Eric held out his plate. “Looks fine to me. I'll have your share if you don't want it.”
“There's a man for you, teeth like steel.” His dad heaped Eric's plate, then shook his head at Stephen. “You wouldn't want this burned stuff, it's not good enough for you.”
“But Dadâ”
“Don't worry, Stephen,” his mum said as she headed back into the kitchen. “There's plenty of mashed potatoes to fill up on.”
His dad was staring at him, just waiting for an excuse to send him to his room or worse. Stephen dropped his eyes. His mum would save him some for later. He kept quiet through the rest of the meal while his mum asked Eric questions. Eric didn't say much about the Cloughs except “They're all right.” He told a long story about going to a big house in Cressbrook to measure up for a cabinet to hold the missus's Toby jugs. “Put a locking door on it,” the man had said. “Those things are valuable.” Imagine that, locking up bits of pottery you could get in the jumble sales.
“Come upstairs,” Stephen said when they'd finished the baked jam roll, Eric's favorite. “I want to show you something.”
As soon as they walked into the bedroom they'd always shared, Stephen knew he'd made a mistake.
“Hey man, what's that thing on my desk? That's mine, get that thing out of here.”
Eric crossed their small room, picked up the wire cage, and gave it a shake.
Stephen heard Happy scrabbling around. He grabbed Eric's arm. “Stop! You're frightening Happy! Mrs. Rosson let me keep him over mid-term, she'll kill me if anything happens to him!”
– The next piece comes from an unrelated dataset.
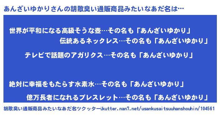| 意味不明あだ名 | 『自称あんざいゆかり』 |

Eric got that look on his face that meant Stephen was buggered. He lifted the cage over his head, too high for Stephen to see inside, and swung it back and forth. “So what's it worth to you?”
Stephen glanced towards the bank on his desk, a metal postbox that Nana had given him when he was five. He'd stopped putting money in when he realized that Eric was taking it. After Eric was nicked, he'd gathered the coins he'd stashed in various hiding places and dropped them one by one through the slot marked
LETTERS
. “I've got almost a pound.”
Eric's lips curled into a sneer. “Is that all the little rat's worth? Let's have a look.” Warning Stephen to stay back, he set the cage on the floor, kneeled in front, and stuck one hand inside. “Where are you, then, little rat face?”
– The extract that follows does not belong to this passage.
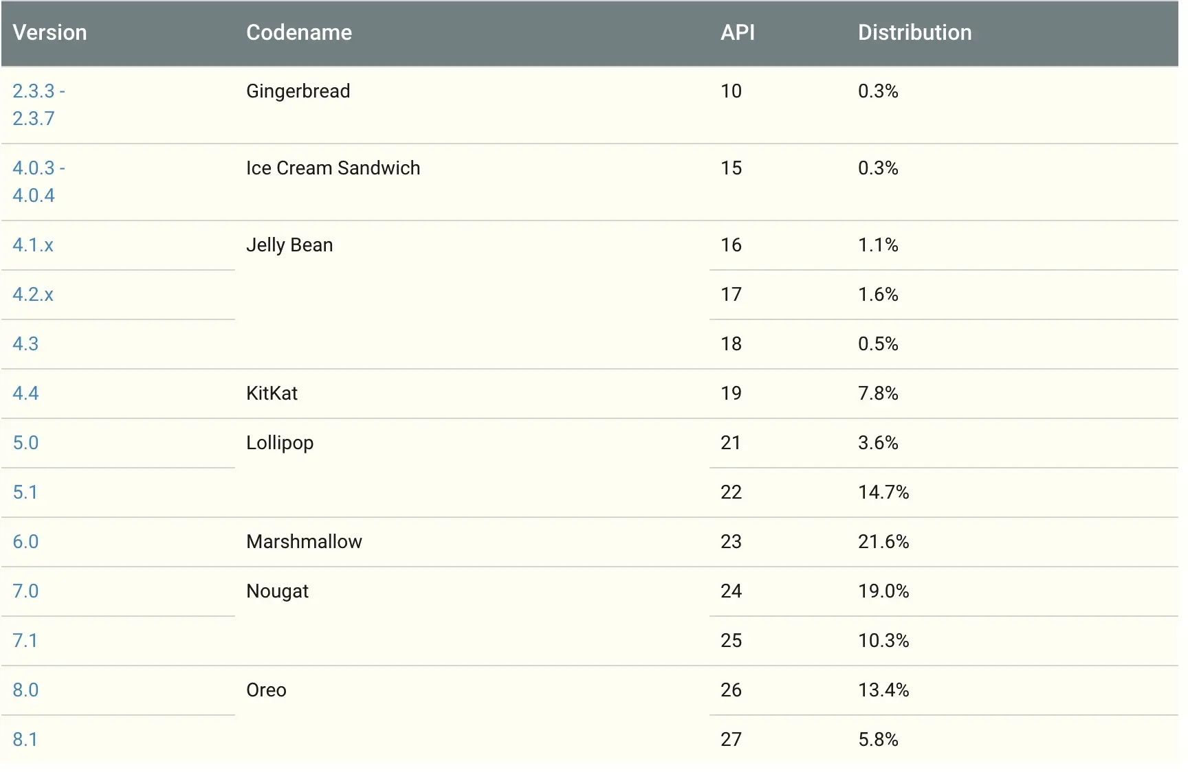 根据目录'/build/core/version_defaults.mk' 打开version_defaults.mk文件,然后找到PLATFORM_SDK_VERSION这个关键字的值,就可以在下表中找出相应的版本。

“You can have my penknife,” Stephen said as Eric's fingers dug through the wood shavings where Happy liked to hide.
“Why thank you!” Eric's hand closed around the trembling gerbil and he drew it from the cage. “Nothing like a penknife to jingle in your pocket along with a bit of change. It's not enough, though, is it, little rat face?” He looked up at Stephen.
“What else do you want?” Stephen cried. “You took my Walkman when yours broke, and that was all I had.”
“What you have that I don't,” said Eric, “is freedom. I can't move without Clough's bloody sheepdog following me, and I can't even talk to my friends. Now does that seem fair? You wouldn't like it if you couldn't talk to your mates, would you?”
“That would be awful,” Stephen said, though truth to tell the only bloke he was mates with lived up in Tideswell. Their mums were friends, that's how they got to know each other. He didn't see much of his schoolmates; his mum didn't have time for that. “What do you want me to do?”
Eric took a folded piece of paper from his pocket. “See this? We're going to go out and leave it near the river for the Grand Master, the man I told you about. I've got a bit of food for him too, and a few of Dad's cigs.”